Material for this task:
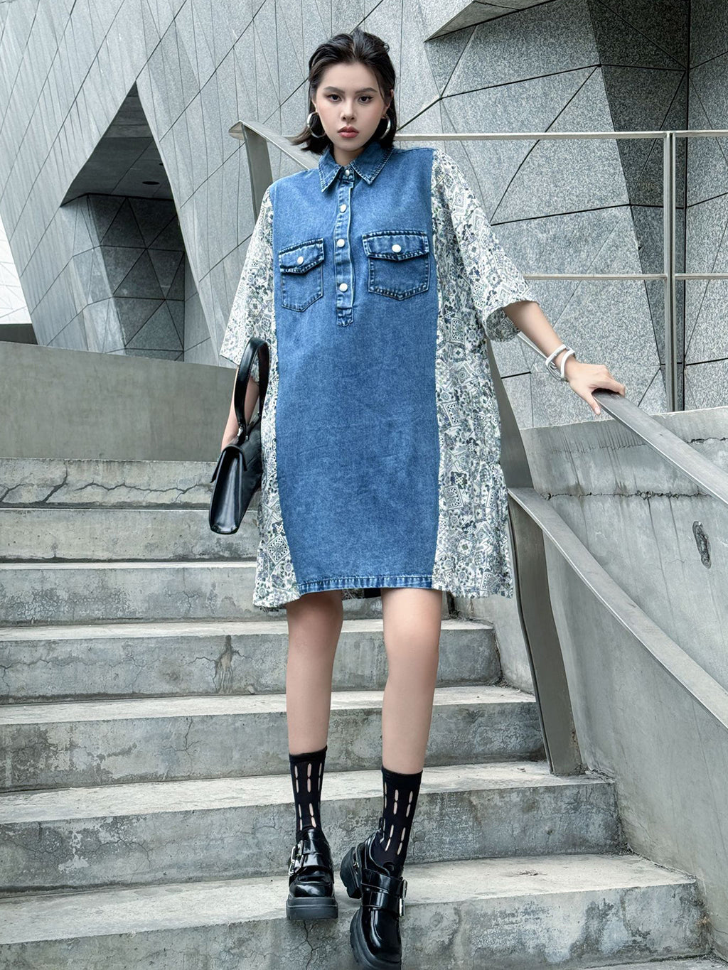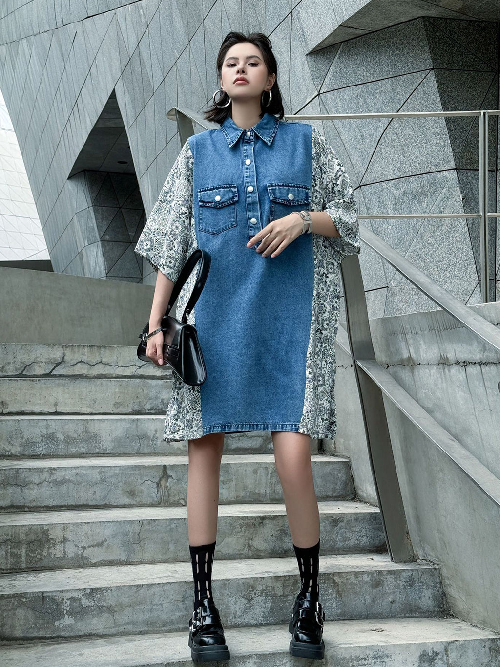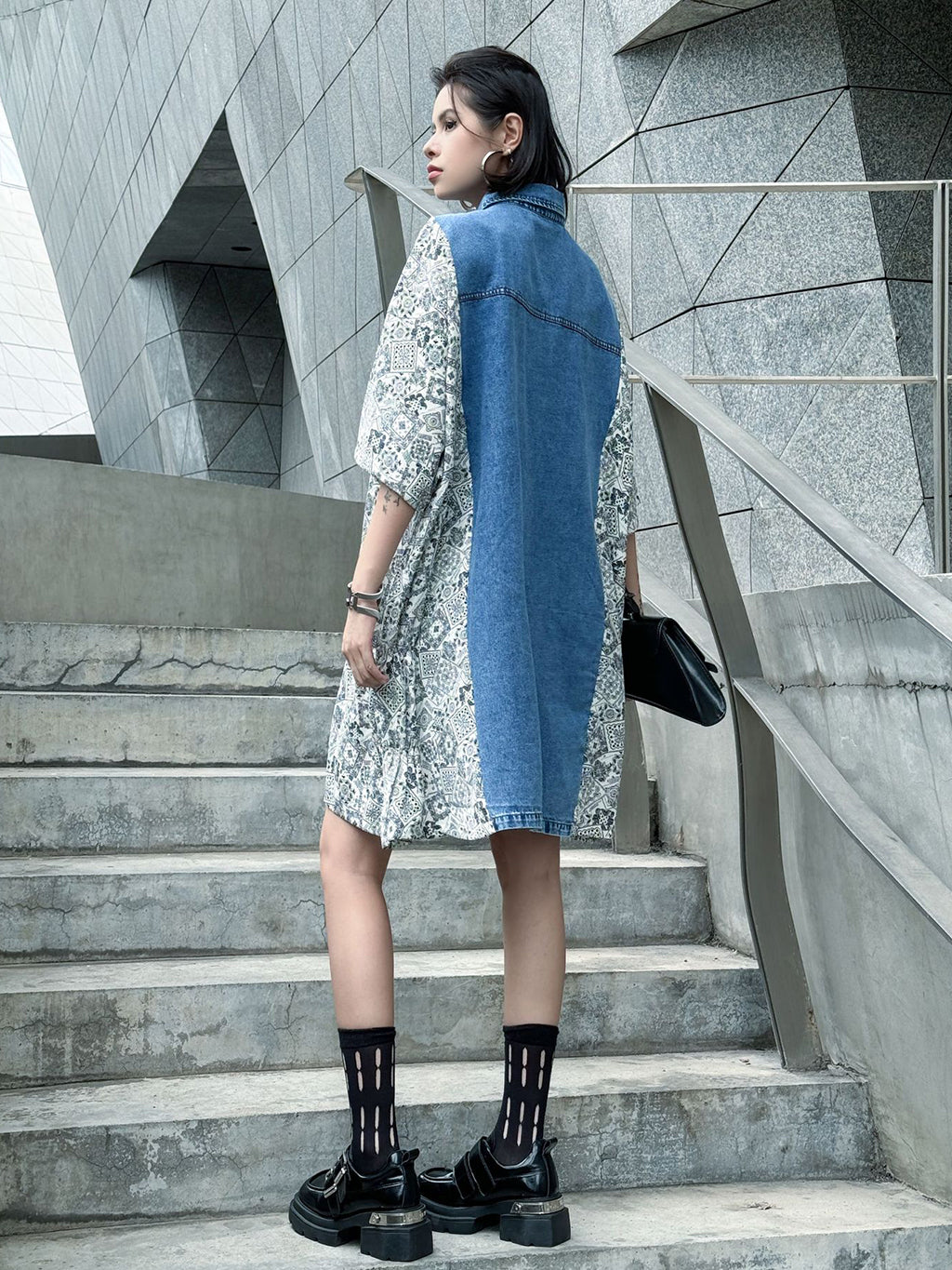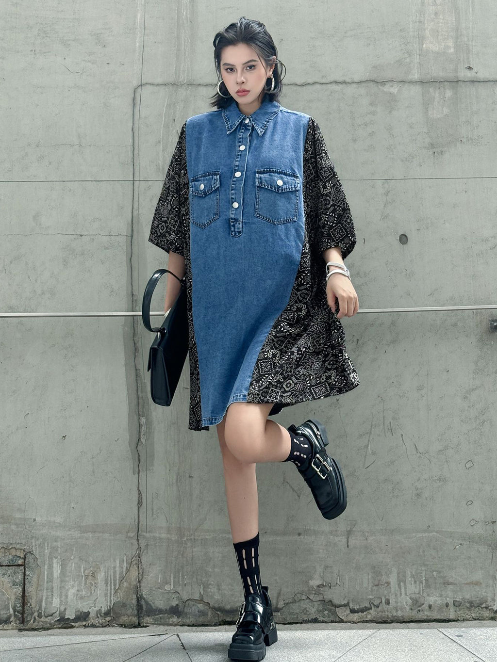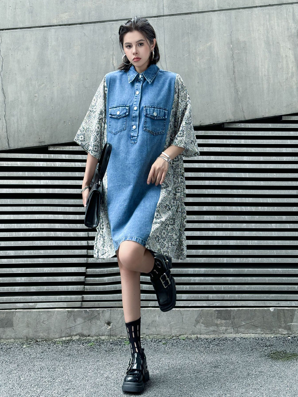ヴィンテージ感漂うウォッシュデニムとオリエンタルな総柄ファブリックを組み合わせた、リラックス感のあるシャツドレス。肩から袖にかけての切り替えが印象的で、ゆったりとしたシルエットがこなれた雰囲気を演出。胸元のフラップポケットや前立てボタンがアクセントとなり、コーディネートの主軸として存在感を放つ一着。スニーカーからブーツまで幅広いスタイリングに対応。
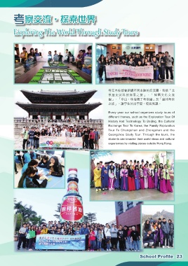 so as to practise the school's philosophy of 京歷史及科技探索之旅」、「韓國文化交流
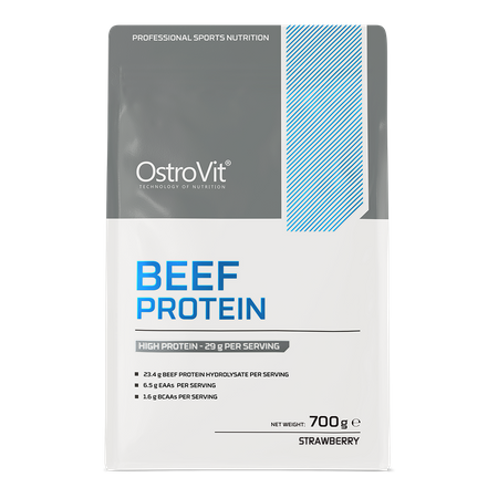 OstroVit Beef Protein es un suplemento dietético de alta calidad que proporciona una fuente de proteínas en forma de hidrolizado de proteínas de vacuno, así como los valiosos aminoácidos L-glutamina y L-arginina. Es una fórmula disponible en polvo, en tres deliciosos sabores, que no contiene azúcares añadidos. Un producto diseñado para atletas y personas físicamente activas que necesitan complementar su dieta con ingredientes valiosos, tanto durante el período de construcción de masa muscular como durante la reducción del tejido adiposo.
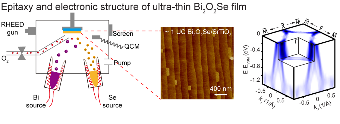 图2:原子级厚度Bi2O2Se薄膜的外延生长及电子结构解析
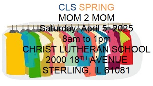 Christ Lutheran School Boosters is happy to announce that it will be hosting a Spring Sterling Mom 2 Mom Market on Saturday, April 5th, from 8 am to 1 pm at Christ Lutheran School, 2000 18th Avenue, Sterling, IL.
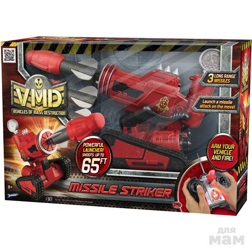 ---Радиоуправляемый танк на гусеницах представляет из себя самую настоящую боевую машину, имя которой - VMD (Vehicles Of Mass Destruction)! В переводе с английского это означает - "машина массового поражения"... и это действительно так! Танк оборудован мощным пусковым устройством, которое стреляет большими ракетами дальнего действия на расстояние до 20 м. В комплекте имеются 3 таких ракеты, выполненные из мягкого вспененного ПВХ-материала.
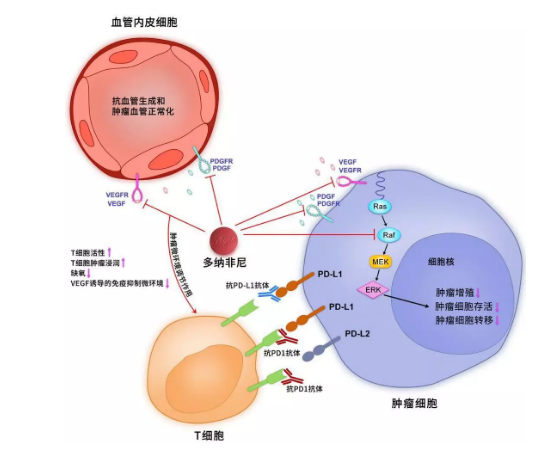 多纳非尼通过抑制血管内皮生长因子受体(VEGFR)和血小板源性生长因子受体(PDGFR)等多种酪氨酸激酶受体的活性,阻断肿瘤血管生成,又可通过阻断丝氨酸-苏氨酸激酶(Ras/Raf/MEK/ERK)信号传导通路直接抑制肿瘤细胞增殖,从而发挥双重抑制、多靶点阻断的抗肿瘤作用。此外多纳非尼可通过多条通路改善肿瘤免疫微环境,降低对抗PD-1或抗PD-L1抗体的耐药性,产生协同作用,增强疗效。
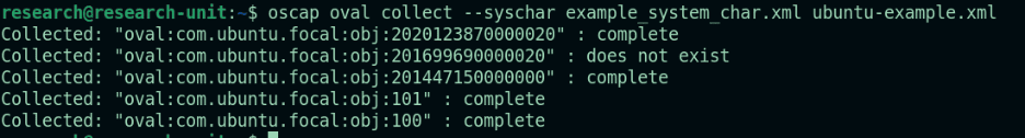 oscap oval collect –syschar example_system_char.xml ubuntu-example.xml
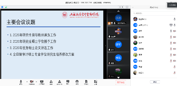 本次会议共有四项议题,议题分别为2020年研究生指导教师遴选工作、2020年研究生硕士学位授予工作、2020年优秀硕士论文评选工作及全日制审计硕士专业学位研究生培养修改方案审核。
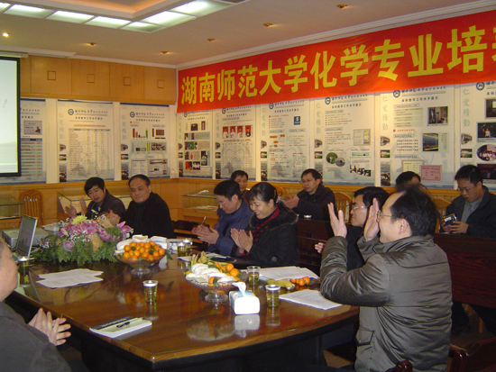 (通讯员 毛丽秋 黄元国)2009年1月3日下午,学校在化学化工学院二楼会议室举行了国家级特色专业化学本科专业人才培养方案专家论证会。专组组长由衡阳师范学院许金生教授担任,出席论证会的专家还有中南大学罗一鸣教授、湖南大学旷亚非教授、湘潭大学朱卫国教授和湖南理工学院易建明教授。教务处处长杨小云教授、化学专业负责人尹笃林教授及化学化工学院相关教师出席了论证会。
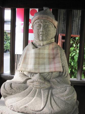 向かい側の角には、建物には似合わないほど立派な屋根を持つ地蔵堂がある。カラフルな頭巾とよだれかけである。 |
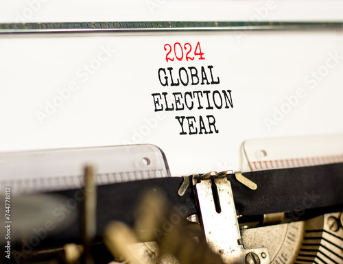 2024 global election year symbol. Concept words 2024 global election year typed on beautiful old retro typewriter. Beautiful white background. Business 2024 global election year concept. Copy space
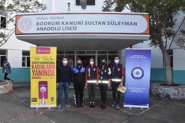 MUĞLA'nın Bodrum ilçesinde, polis ekipleri tarafından liselerde, Kadın Acil Destek (KADES) uygulamasının tanıtımı yapıldı. Öte yandan, Bodrum'da 1 yıl içerisinde KADES üzerinden gelen 600 ihbarın polis ekiplerince çözüme kavuşturulduğu bildirildi.

Your assignment:
Reproduce exactly and only the lines from the one with "2024 global election year symbol." through the final line of the records above, inclusive. Pictures must be left out.

Result below:
 2024 global election year symbol. Concept words 2024 global election year typed on beautiful old retro typewriter. Beautiful white background. Business 2024 global election year concept. Copy space
 MUĞLA'nın Bodrum ilçesinde, polis ekipleri tarafından liselerde, Kadın Acil Destek (KADES) uygulamasının tanıtımı yapıldı. Öte yandan, Bodrum'da 1 yıl içerisinde KADES üzerinden gelen 600 ihbarın polis ekiplerince çözüme kavuşturulduğu bildirildi.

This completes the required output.